**Work request:**
Lower down are entries containing pictures. Copy exactly, without those pictures, the lines from the line with "A smaller version" through the line with "NOTE 2: A rimmed".

**Given records:**
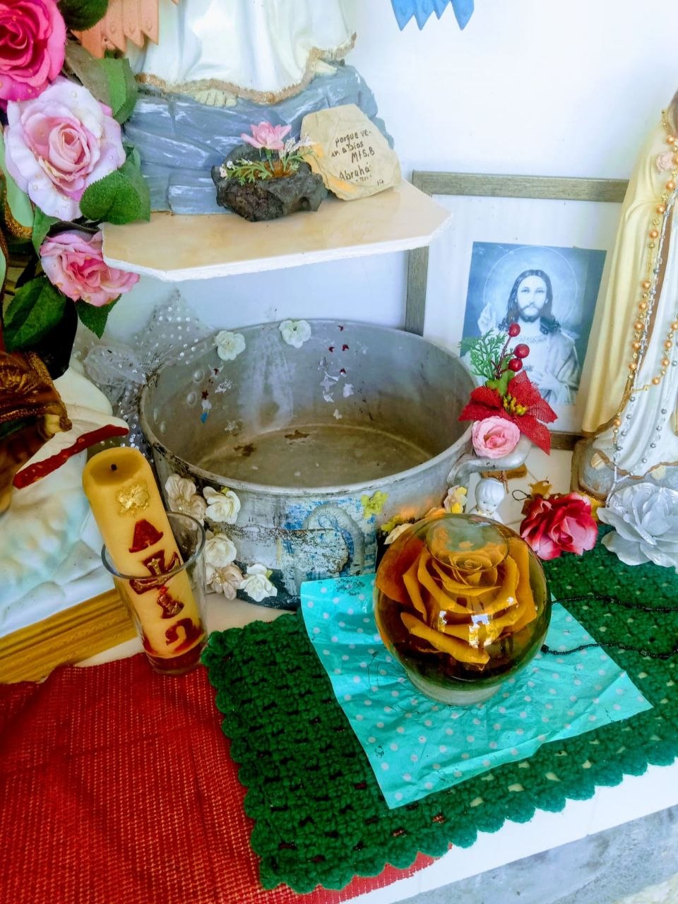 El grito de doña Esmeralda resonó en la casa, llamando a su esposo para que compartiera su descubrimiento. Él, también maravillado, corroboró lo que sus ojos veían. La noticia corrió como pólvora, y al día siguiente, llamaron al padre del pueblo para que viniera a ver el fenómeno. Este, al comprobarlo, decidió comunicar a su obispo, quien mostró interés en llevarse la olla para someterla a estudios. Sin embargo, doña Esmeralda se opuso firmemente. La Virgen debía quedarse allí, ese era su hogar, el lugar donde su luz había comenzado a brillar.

---

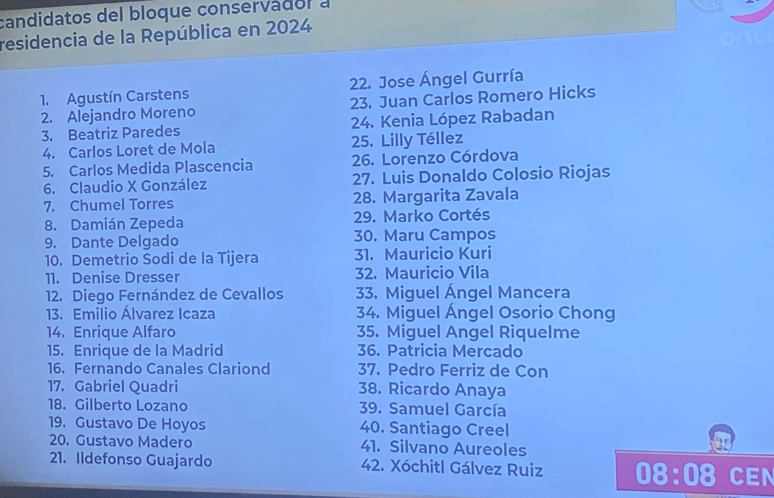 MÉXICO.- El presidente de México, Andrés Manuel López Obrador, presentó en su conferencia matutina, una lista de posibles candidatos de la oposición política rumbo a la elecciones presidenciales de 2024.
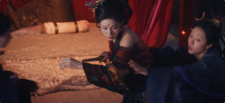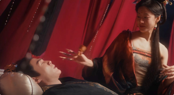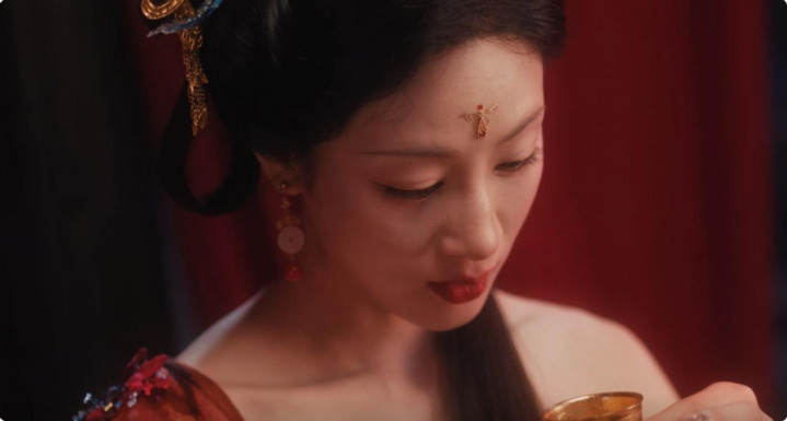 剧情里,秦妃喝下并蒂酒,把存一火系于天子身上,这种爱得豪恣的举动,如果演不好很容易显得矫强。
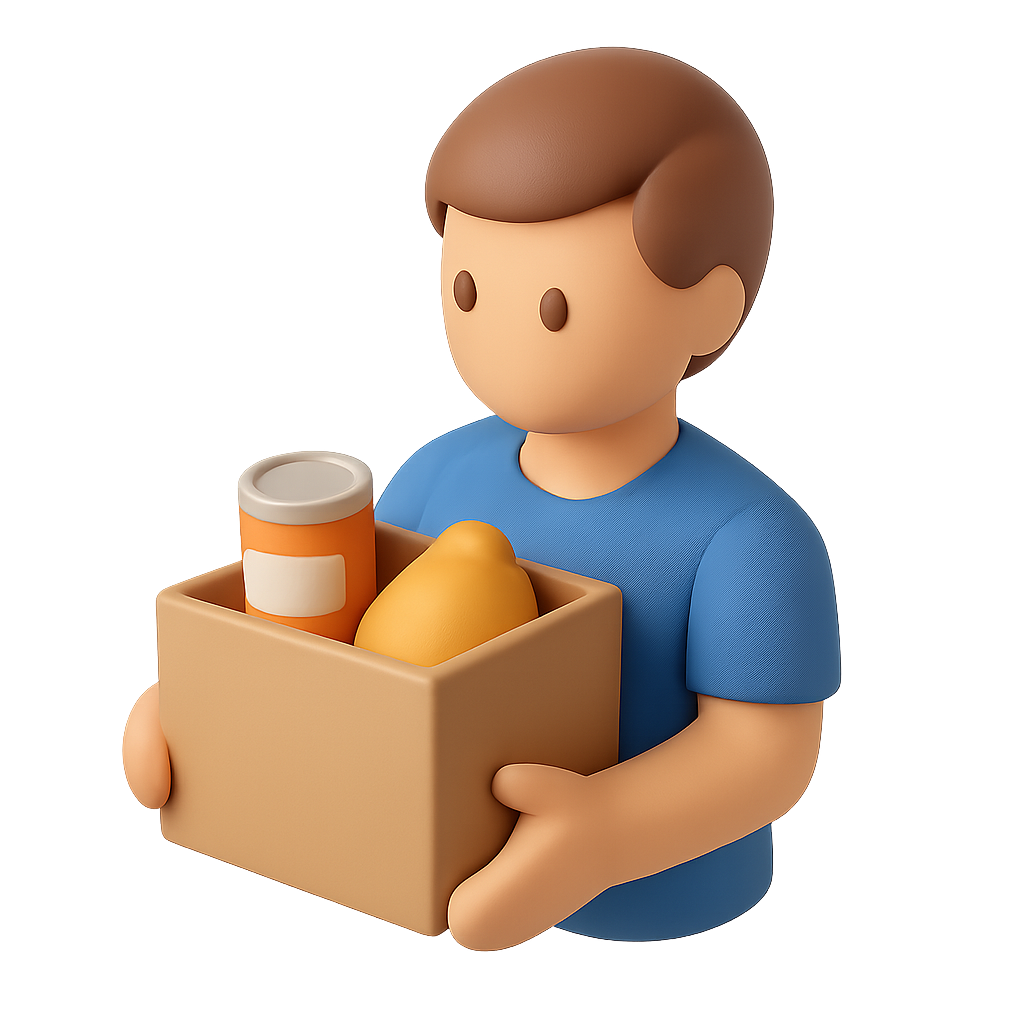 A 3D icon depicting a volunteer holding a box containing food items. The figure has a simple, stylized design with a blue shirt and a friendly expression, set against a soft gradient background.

* * *

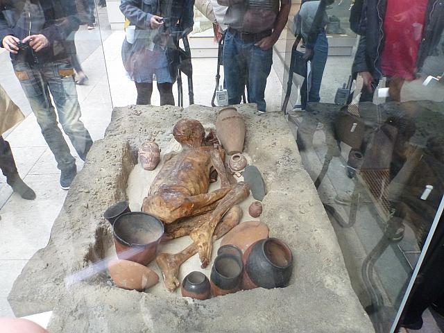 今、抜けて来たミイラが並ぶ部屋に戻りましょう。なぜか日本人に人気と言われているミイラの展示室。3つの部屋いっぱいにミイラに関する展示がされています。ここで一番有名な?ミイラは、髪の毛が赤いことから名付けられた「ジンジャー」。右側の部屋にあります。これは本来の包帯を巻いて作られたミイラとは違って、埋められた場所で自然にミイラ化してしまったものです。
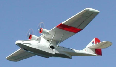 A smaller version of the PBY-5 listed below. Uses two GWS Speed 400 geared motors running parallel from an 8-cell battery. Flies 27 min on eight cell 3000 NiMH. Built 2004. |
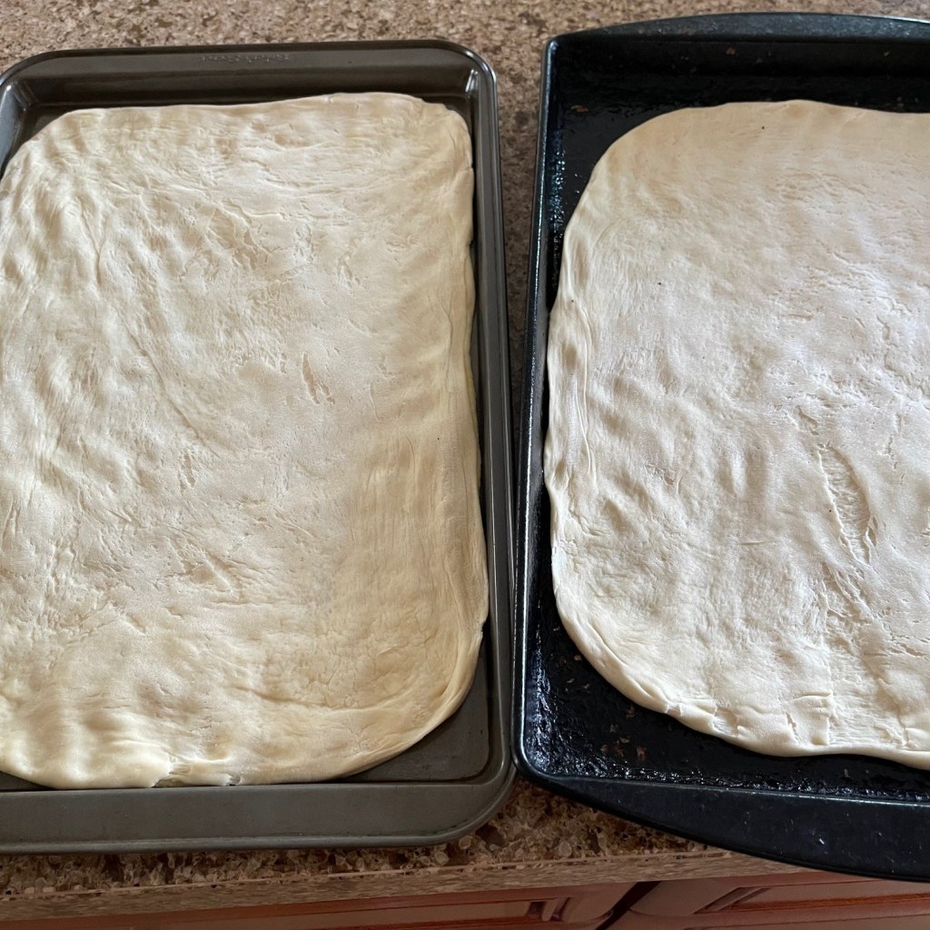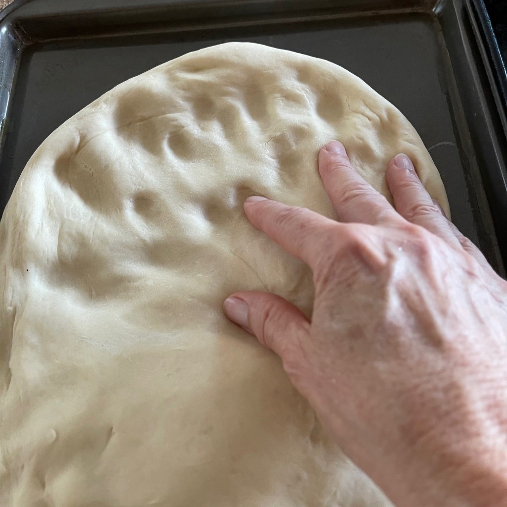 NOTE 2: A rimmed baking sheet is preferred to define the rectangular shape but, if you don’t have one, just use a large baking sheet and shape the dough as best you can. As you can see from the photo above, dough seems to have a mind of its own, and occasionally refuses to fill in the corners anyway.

**Your solution:**
 A smaller version of the PBY-5 listed below. Uses two GWS Speed 400 geared motors running parallel from an 8-cell battery. Flies 27 min on eight cell 3000 NiMH. Built 2004. |
 NOTE 2: A rimmed baking sheet is preferred to define the rectangular shape but, if you don’t have one, just use a large baking sheet and shape the dough as best you can. As you can see from the photo above, dough seems to have a mind of its own, and occasionally refuses to fill in the corners anyway.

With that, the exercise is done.